─── Data

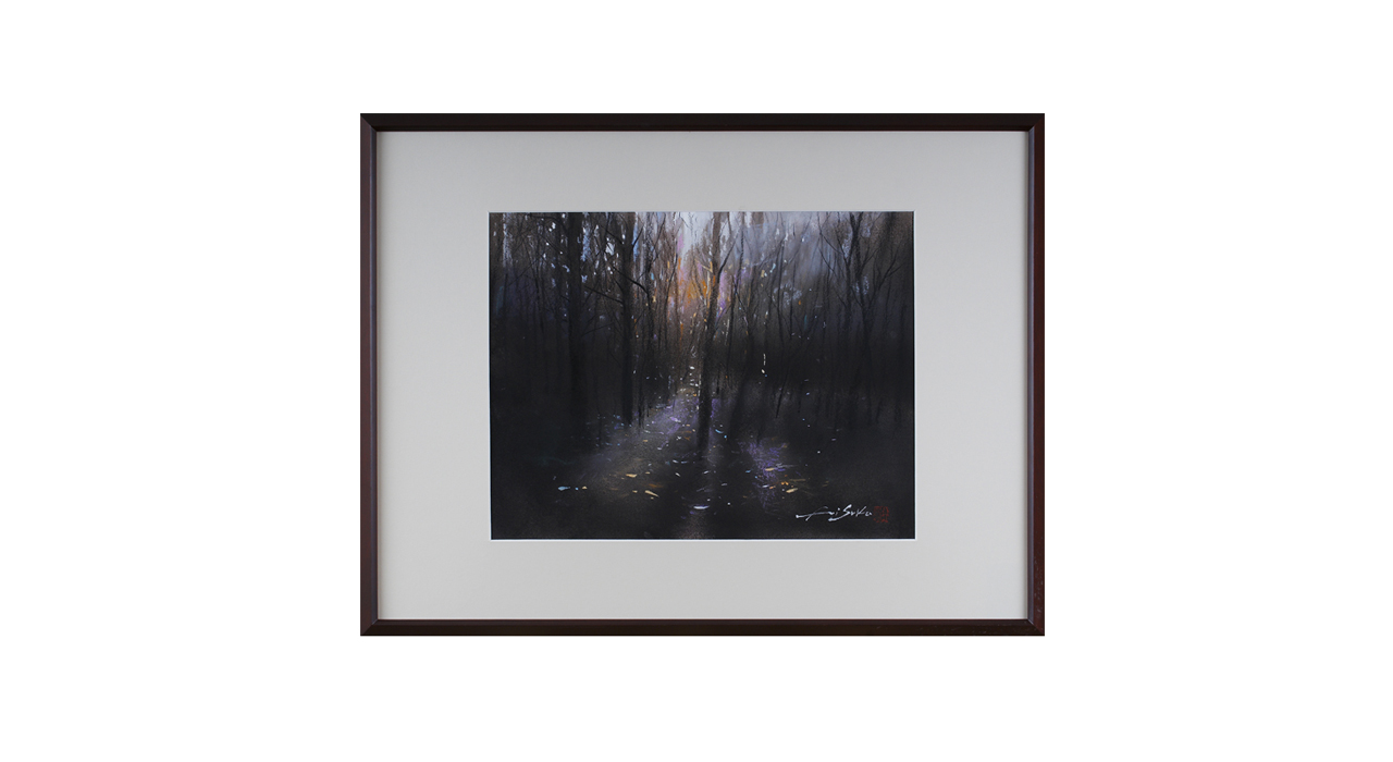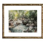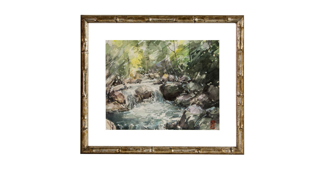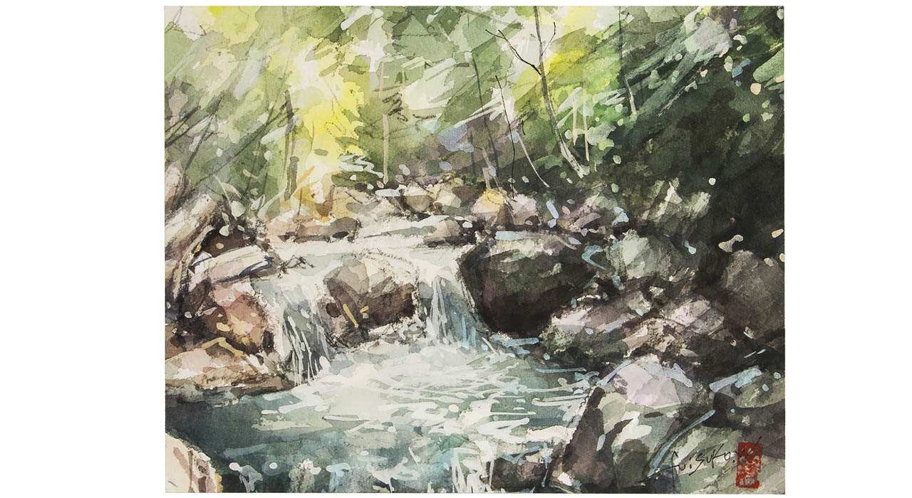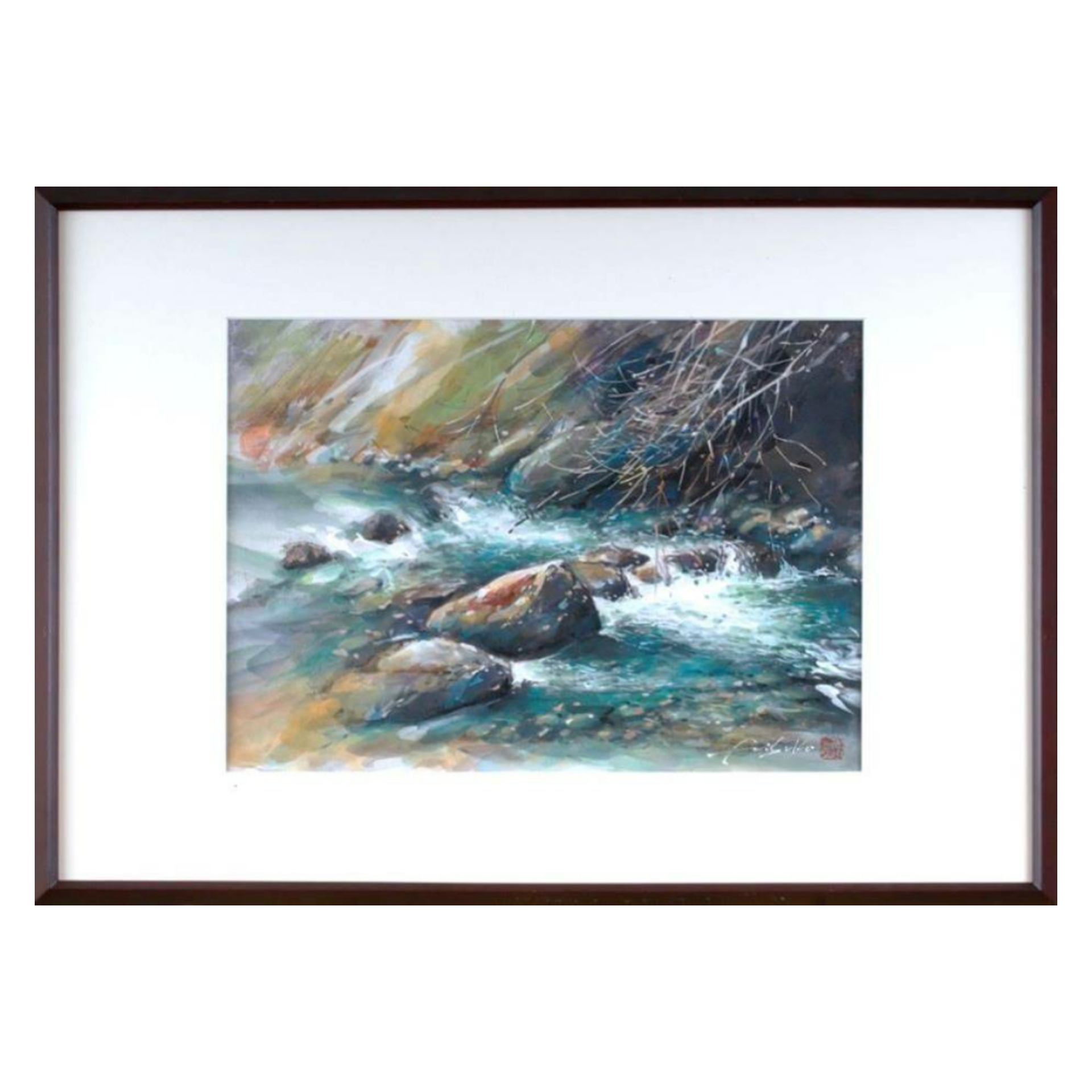 На полотне «Японский горный поток» изображено движение горного ручья по каменистым порогам. Над потоком склоняются ветви деревьев, залитые солнечным цветом.
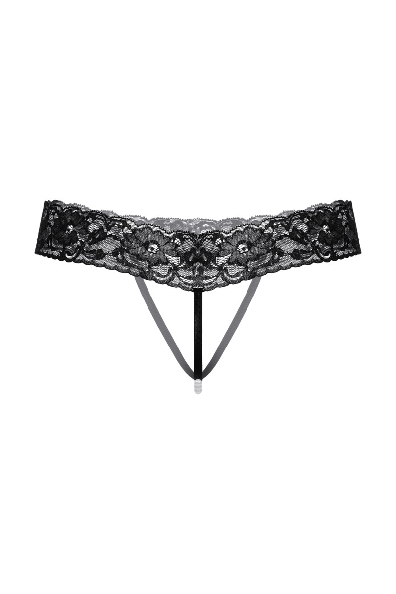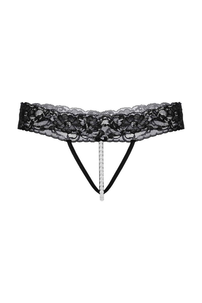 Кружевные стринги с открытым доступом. Спереди декорированы кокетливым бантиком и нитью "жемчуга". Оригинальная кружевная резинка подчеркивает линию бедер.
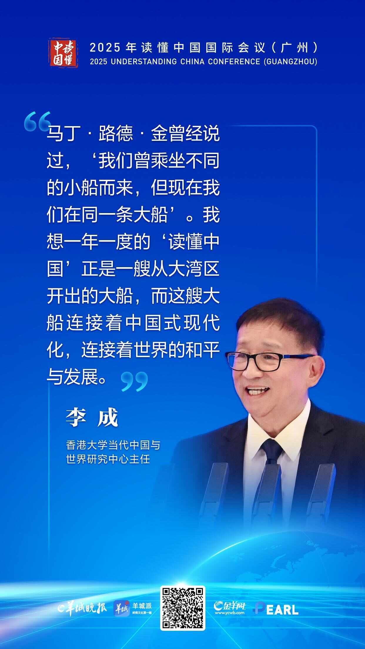 “马丁·路德·金曾经说过,‘我们曾乘坐不同的小船而来,但现在我们在同一条大船’。我想一年一度的‘读懂中国’正是一艘从大湾区开出的大船,而这艘大船连接着中国式现代化,连接着世界的和平与发展。“

──────

• **Aim of the task**
When you set down the material above, keep every word exact and include no pictures.

• **Exercise output**
 На полотне «Японский горный поток» изображено движение горного ручья по каменистым порогам. Над потоком склоняются ветви деревьев, залитые солнечным цветом.
 Кружевные стринги с открытым доступом. Спереди декорированы кокетливым бантиком и нитью "жемчуга". Оригинальная кружевная резинка подчеркивает линию бедер.
 “马丁·路德·金曾经说过,‘我们曾乘坐不同的小船而来,但现在我们在同一条大船’。我想一年一度的‘读懂中国’正是一艘从大湾区开出的大船,而这艘大船连接着中国式现代化,连接着世界的和平与发展。“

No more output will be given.